One can look at some prescriptive outline of how to do a SWMS and have no idea of how to discern risk. As long as we have the SWMS in place to the expectations of the regulator, isn’t our arse covered? Ha? No it’s not! The elevation and worship of SWMS is a delusion. If a SWMS is not a thinking and conversation tool, it will unravel in court and the SWMS will be used against you to show that you didn’t follow it. You can have all the SWMS in place and still have an immature culture in understanding and managing risk. This is what happens with ideologies and, the safety industry has helped endorse the ideology of SWMS. The same with zero, the ideology of zero is used to mask all kinds of fallibilities whilst it shifts its by-products to the background. An excellent analysis of SWMS was undertaken by David Borys in 2011 ( and here we are still talking about the seductions of SWMS in 2014.

One of my favourite scenes from Monty Python Life of Brian is ‘The Shoe is a Sign’ scene ( Here are the cultic followers chasing after Brian whom they have deified. In his rush he loses his shoe and the followers come across his shoe and interpret it as a sign, then soon they argue about what the sign is and even about it’s status as a shoe or sandal. Then the followers seek to copy the sign and take off one shoe as a sign of their following and then rush off to find Brian. Later, in the ‘not the messiah’ scene ( the cultic following demonstrate their blind echoes in worship of Brian. The seduction of the cult is to diminish thinking and deify objects.


So whilst the safety community continues to be attracted by the seduction to simplify it holds up the sandal of SWMS and argues about its format. What a grand delusion that the object of worship masks the reality of what it desires. Does that sound like an act of simplicity or an act of faith to you?

Dr Rob Long

Dr Rob Long

Expert in Social Psychology, Principal & Trainer at Human Dymensions
Dr Rob Long
PhD., MEd., MOH., BEd., BTh., Dip T., Dip Min., Cert IV TAA, MRMIA Rob is the founder of Human Dymensions and has extensive experience, qualifications and expertise across a range of sectors including government, education, corporate, industry and community sectors over 30 years. Rob has worked at all levels of the education and training sector including serving on various post graduate executive, post graduate supervision, post graduate course design and implementation programs.
  • James@safetybusiness

    Well done. I love the fact that an analogy could be drawn with one of my all time favorite films!

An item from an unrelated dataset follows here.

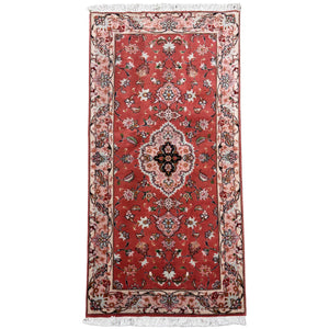 This beautiful small Persian Tabriz rug is finely hand-knotted with 50 Raj density, giving the pattern exceptional clarity. Crafted from soft lamb’s wool with natural silk highlights, it has a gentle sheen that enhances the intricacy of the design. Set on a blush field, the rug features a classic central medallion surrounded by traditional Shah Abbasi motifs, including lotus palmettes, floral sprays and scrolling arabesque vines. The detailed all over pattern reflects the precision and elegance for which Tabriz weavers are renowned.

    On a serious note though, it has for many years escaped my capacity to understand why “safety people/ professionals” across this country still fail to grasp the concept of what is a SWMS, or how it is meant to be used/ applied. The fact that some companies end up with SWMS on how to change the castor wheels on an office chair is a fair indictment of the confusion that reigns.

    I have always been a proponent of the fact that SWMS are a communication tool and not a risk assessment! Lets face it risk ratings are not even required in a SWMS. So as you state, if they are not being used as a communication tool and discussion point then the user has completely missed the purpose and intent.

  • Rod

    I think of all the valid points you make here Rob, there is one stand out. “if it is not a thinking and conversation tool” – However I would amend “it will unravel in court” to “it is not doing what it should be doing”. I think the fixation with what might happen in court is one of the drivers behind the complex systems we have in place today. If the focus was on the workers learning and understanding of “how to do the job right” and providing them with tool to facilitate this, the rest will take care of itself.

  • Gabrielle Carlton

    Great read Rob. I think if organisations want simple then the best way to tackle some of their problems is stop getting so caught up in their complex systems. This leads them to believing (hubris bias) that they are safe the more complex. Or is that attribution bias or even availability bias….too many biases that influence their decisions!! It is complex but a ‘simple’ way to tackle these issues is to get out from behind their paperwork and go and have a conversation with their people. Get to know their people and start understanding how their people discern risk.